There are many **programming paradigms** (ie, programming patterns/styles). Each paradigm provides a completely different way of thinking about how to design software. Many languages (including Python) are multi-paradigm; they borrow popular aspects of several paradigms. 

The best way to learn a paradigm is to use a language that _only_ supports the paradigm, a so-called "pure" language. (The exact distinction between "pure" and not is often debated!)

## Functional Programming
The FP paradigm involves writing programs that consist only of _pure functions_. In FP:
- No mutable variables. This has the consequence of outlawing _for_ loops and emphasizing recursion.
- No side effects. Functions have no effect on the system aside from returning a value (i.e. no `print`).
- Functions _always_ return the same output given the same inputs.



You already have some experience with this style. For example, `map` and `apply` avoid _for_ loops by accepting a function as an argument. 
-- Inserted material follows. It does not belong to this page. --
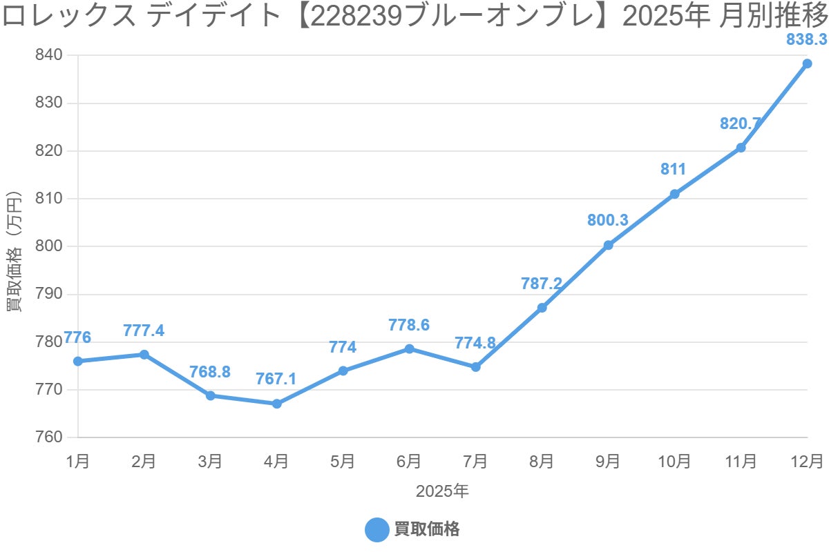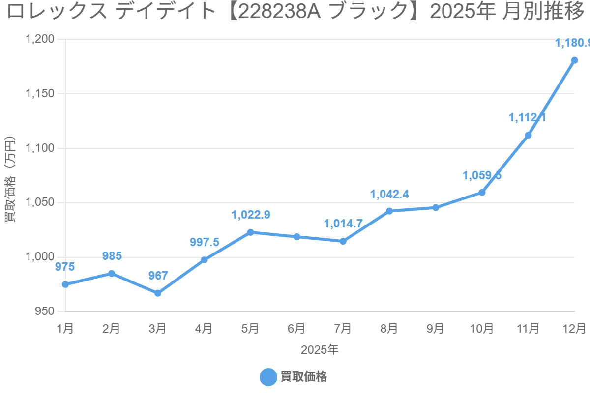 Ref.228238Aブラックは年初975万円から年末1,181万円へ、年間で約21%上昇。文字盤カラー別4モデルの月次データで見る売却の好機

| "Pure" FP languages | Highly influenced by FP |
| -----      | ----- |
| Haskell | Scala (popular for big data) |
| Scheme (and Lisp)   | R (popular with statisticians) |
| Clojure | Mathematica |
| Racket |  |

Advantages of FP:
- Allows some complex ideas to be expressed simply (e.g. `map`, `apply`).
- Code is automatically scalable/parallelizable! Hence, FP is popular when working with big data.
- Code can more easily be proven correct, due to simplicity and reliance on recursion.
- Is often easy to prototype new languages in, since data _is_ code.

Disadvantages of FP:
- Often has a steep learning curve. 
- Has a strong foundation in theoretical mathematics, so the community can feel mathy to newcomers. (Functional languages are based on the "lambda calculus" model of computation instead of the "Turing machine" model.)

## Object-Oriented Programming
The OOP paradigm involves **bundling together variables and functions into "classes"** -- aka **creating your own data types**.

| "Pure" OOP languages | Highly influenced by OOP |
| -----      | ----- |
| Java | Scala |
| C#   | C++ |
| Smalltalk | Python |
| | Ruby |

OOP software design follows four main principles:
- **Encapsulation.** Attributes and methods are bound together and protected from misuse.
- **Abstraction.** Implementation details are not exposed.
- **Inheritance.** In a hierarchical manner, objects can inherit properties and methods from other objects.
- **Polymorphism.** Functions (and hence operators) can be "overloaded" and change their functionality based on the data type.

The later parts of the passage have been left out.